▸ **Task statement**
Search the records for "suit" and copy each line that holds it.
══ Extracted entries ══
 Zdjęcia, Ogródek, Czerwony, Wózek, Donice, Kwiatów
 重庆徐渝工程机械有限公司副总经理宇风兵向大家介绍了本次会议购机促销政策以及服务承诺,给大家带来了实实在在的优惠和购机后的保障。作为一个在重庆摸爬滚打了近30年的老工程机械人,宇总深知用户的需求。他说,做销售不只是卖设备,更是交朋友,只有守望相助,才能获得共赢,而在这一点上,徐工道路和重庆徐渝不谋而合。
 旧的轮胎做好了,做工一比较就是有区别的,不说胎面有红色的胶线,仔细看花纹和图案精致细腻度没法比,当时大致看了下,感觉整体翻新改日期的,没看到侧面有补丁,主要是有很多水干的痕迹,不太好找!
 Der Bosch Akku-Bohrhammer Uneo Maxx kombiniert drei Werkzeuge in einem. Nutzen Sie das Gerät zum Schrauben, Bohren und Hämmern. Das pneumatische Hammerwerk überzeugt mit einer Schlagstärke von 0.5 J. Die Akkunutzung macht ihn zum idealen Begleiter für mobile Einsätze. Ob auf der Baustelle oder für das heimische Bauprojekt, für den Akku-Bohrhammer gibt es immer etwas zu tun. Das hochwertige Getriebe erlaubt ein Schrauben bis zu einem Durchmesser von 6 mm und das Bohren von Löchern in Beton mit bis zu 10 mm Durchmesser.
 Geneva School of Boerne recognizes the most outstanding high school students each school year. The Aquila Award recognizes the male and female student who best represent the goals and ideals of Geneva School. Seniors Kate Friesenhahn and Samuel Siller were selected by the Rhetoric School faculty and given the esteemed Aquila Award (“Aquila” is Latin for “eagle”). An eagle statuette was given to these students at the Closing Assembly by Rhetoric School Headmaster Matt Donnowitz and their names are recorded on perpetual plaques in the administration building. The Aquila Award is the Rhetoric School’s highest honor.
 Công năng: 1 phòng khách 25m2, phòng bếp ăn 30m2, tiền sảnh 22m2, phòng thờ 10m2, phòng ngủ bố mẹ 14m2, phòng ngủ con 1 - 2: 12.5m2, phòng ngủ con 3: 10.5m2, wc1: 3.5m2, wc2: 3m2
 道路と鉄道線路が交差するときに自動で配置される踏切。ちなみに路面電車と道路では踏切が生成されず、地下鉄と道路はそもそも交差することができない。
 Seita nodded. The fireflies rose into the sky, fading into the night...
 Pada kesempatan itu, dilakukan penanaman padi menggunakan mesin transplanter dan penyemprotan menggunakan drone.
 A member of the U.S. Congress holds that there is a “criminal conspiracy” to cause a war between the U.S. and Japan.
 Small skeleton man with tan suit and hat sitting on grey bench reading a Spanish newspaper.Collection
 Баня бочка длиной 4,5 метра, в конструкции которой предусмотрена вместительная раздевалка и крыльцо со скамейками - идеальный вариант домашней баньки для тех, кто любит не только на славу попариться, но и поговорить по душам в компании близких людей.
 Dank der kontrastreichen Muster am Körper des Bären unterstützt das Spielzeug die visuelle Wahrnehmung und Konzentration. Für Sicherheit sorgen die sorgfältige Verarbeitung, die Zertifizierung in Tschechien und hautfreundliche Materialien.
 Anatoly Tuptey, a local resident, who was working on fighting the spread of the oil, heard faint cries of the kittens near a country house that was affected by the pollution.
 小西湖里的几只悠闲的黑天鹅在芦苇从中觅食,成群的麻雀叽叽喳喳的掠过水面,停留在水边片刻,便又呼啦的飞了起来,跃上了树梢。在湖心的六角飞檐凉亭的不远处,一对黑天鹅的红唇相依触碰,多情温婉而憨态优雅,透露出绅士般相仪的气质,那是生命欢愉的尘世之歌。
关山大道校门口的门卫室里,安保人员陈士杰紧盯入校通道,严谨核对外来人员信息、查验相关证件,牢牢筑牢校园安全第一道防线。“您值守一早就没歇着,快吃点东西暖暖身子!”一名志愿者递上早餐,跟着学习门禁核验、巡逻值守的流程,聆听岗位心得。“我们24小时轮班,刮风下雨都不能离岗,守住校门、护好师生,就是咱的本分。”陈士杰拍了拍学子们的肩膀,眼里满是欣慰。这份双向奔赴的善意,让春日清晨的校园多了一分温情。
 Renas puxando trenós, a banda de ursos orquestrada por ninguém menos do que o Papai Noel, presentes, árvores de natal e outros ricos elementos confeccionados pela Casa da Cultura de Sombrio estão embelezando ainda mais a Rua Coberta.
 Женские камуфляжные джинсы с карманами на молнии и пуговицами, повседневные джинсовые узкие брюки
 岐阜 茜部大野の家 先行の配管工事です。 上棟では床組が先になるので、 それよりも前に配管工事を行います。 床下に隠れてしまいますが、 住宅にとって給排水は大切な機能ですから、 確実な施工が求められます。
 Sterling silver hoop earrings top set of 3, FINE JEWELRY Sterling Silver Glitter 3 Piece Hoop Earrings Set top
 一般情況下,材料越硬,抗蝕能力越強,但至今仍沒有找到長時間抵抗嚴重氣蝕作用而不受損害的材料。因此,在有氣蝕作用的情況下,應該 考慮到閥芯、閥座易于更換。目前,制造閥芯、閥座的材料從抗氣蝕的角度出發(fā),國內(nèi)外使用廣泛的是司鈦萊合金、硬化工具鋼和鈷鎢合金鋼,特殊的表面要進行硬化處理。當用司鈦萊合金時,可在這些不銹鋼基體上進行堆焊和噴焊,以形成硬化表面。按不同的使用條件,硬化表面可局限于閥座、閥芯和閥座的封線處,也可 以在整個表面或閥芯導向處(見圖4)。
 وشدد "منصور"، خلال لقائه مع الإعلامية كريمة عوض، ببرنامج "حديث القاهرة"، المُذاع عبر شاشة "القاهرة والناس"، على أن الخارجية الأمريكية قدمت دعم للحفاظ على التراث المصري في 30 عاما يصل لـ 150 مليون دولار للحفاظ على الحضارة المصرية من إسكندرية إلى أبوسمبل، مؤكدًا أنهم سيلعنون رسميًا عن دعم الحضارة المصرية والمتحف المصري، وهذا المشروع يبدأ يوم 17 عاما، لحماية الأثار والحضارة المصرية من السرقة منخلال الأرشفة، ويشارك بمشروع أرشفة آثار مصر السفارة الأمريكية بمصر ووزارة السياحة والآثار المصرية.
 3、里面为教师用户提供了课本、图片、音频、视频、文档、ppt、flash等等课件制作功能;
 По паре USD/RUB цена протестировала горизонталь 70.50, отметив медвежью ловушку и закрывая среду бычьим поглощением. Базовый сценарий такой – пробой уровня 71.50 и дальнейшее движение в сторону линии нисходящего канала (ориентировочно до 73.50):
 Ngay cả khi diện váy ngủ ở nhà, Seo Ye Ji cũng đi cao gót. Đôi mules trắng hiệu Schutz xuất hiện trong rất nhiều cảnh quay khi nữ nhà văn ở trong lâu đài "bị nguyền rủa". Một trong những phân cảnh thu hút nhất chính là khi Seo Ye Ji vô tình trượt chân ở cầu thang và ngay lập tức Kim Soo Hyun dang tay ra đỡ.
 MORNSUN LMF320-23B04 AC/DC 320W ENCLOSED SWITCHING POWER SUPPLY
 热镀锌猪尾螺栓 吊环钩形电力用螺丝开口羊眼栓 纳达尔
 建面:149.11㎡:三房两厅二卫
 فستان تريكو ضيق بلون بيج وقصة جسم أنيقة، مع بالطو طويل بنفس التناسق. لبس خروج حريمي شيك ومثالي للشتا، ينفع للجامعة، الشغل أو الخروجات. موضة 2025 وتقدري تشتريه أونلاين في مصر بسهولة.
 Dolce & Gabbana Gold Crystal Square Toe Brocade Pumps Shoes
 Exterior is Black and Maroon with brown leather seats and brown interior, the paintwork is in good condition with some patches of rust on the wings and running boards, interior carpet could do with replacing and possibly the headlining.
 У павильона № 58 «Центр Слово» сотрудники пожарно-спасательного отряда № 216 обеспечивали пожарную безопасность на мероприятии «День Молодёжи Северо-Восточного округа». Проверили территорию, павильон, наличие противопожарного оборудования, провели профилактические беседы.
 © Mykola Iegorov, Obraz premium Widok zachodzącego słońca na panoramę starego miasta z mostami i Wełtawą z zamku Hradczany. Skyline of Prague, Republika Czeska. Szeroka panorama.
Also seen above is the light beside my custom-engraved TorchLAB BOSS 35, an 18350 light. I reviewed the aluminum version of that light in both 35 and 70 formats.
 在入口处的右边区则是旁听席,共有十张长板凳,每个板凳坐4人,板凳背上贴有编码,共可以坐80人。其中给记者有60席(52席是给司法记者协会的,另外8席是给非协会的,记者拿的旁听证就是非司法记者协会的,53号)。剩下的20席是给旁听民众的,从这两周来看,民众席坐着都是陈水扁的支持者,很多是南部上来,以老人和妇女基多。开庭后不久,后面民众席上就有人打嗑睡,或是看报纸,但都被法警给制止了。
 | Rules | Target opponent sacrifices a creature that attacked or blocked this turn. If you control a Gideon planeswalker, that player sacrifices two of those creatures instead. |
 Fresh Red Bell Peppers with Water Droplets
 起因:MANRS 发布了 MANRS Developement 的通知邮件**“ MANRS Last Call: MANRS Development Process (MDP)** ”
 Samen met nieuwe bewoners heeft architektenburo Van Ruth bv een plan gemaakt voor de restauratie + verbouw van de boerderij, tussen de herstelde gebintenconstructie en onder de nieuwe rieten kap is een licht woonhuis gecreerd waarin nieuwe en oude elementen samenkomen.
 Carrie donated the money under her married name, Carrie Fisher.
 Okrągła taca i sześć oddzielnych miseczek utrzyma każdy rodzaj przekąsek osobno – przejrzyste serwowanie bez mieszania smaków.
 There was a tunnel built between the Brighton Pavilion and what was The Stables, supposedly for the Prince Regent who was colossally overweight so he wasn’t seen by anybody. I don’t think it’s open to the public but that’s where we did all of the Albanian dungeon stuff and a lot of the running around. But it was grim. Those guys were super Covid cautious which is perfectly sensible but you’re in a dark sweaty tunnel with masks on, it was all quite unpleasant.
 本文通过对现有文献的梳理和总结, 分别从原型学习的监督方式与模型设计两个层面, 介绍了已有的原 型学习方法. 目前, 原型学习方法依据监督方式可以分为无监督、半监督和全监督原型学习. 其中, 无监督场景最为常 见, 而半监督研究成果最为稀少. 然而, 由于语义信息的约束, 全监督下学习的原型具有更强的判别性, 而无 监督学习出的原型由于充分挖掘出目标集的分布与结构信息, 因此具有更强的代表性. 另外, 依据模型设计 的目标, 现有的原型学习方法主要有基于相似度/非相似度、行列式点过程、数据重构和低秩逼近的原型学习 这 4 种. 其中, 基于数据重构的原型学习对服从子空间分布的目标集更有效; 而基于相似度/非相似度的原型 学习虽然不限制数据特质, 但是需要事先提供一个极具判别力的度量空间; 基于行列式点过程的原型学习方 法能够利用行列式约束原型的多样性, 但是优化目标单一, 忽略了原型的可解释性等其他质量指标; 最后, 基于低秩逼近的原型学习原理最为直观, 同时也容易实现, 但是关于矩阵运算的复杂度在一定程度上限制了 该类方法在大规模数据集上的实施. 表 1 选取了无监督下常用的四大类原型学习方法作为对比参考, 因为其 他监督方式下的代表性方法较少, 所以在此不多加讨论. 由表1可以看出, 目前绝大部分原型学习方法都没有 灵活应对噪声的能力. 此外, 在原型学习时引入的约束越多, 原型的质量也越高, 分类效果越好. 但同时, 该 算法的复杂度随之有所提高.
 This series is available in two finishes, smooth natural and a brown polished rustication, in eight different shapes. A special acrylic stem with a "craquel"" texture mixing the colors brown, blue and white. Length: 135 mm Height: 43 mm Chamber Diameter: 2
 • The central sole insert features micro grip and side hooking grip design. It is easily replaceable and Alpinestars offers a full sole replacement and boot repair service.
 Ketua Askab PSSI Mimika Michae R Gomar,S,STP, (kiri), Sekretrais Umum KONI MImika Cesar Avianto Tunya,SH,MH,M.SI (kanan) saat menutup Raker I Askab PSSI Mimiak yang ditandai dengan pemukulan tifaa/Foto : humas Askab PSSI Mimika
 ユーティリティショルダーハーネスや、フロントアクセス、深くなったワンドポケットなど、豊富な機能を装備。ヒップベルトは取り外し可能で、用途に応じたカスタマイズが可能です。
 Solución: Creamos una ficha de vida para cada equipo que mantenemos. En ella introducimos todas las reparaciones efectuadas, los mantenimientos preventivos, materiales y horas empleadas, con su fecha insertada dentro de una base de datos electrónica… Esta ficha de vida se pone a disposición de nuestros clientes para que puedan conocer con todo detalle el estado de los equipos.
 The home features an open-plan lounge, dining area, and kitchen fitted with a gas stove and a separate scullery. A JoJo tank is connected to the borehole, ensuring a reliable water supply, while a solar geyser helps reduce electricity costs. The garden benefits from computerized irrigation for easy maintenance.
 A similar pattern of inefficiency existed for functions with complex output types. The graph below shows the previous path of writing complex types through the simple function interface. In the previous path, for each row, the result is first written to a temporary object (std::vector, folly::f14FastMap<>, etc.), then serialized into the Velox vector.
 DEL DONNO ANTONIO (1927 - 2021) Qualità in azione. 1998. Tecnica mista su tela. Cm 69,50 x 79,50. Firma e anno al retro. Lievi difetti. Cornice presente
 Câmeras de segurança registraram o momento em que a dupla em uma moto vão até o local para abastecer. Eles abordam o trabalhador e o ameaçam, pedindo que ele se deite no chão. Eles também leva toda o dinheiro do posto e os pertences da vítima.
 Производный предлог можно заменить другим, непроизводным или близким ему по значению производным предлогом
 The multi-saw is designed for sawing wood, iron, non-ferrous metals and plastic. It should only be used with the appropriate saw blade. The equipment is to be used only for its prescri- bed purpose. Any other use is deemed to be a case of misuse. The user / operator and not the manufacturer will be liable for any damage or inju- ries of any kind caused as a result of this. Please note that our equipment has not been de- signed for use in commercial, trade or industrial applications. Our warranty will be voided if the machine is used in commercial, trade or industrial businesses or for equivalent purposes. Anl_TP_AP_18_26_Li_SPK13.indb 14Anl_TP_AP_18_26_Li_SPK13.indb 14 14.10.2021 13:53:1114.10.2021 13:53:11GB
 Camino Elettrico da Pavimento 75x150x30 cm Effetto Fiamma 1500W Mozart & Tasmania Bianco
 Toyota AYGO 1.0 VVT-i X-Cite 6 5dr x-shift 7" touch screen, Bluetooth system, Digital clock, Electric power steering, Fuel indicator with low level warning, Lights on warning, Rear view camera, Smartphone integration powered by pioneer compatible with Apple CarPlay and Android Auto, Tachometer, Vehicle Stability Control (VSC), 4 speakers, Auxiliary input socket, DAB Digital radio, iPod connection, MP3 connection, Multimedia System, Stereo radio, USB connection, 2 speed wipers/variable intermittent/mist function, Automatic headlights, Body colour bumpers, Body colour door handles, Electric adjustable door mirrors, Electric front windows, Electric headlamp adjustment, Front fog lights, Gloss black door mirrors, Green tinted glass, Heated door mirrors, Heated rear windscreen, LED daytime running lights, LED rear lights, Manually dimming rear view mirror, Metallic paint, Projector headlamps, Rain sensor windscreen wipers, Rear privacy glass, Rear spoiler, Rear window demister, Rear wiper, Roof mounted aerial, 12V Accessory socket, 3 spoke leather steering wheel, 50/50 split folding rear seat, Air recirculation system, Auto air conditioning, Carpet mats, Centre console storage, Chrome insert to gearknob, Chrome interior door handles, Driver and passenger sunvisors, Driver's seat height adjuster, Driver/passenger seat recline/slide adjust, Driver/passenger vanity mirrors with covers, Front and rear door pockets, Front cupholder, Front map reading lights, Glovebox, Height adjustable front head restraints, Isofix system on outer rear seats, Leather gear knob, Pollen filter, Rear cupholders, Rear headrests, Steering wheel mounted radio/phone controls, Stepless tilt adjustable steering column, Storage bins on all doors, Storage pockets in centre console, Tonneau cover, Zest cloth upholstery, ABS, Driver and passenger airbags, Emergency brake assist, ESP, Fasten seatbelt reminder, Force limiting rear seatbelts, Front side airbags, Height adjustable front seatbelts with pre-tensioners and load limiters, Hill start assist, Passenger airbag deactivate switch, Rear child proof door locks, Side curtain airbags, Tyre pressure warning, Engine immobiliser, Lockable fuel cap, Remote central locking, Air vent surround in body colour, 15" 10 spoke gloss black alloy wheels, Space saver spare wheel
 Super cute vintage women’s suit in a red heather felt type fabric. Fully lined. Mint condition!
═══
▸ **Result**
 Small skeleton man with tan suit and hat sitting on grey bench reading a Spanish newspaper.Collection
 Super cute vintage women’s suit in a red heather felt type fabric. Fully lined. Mint condition!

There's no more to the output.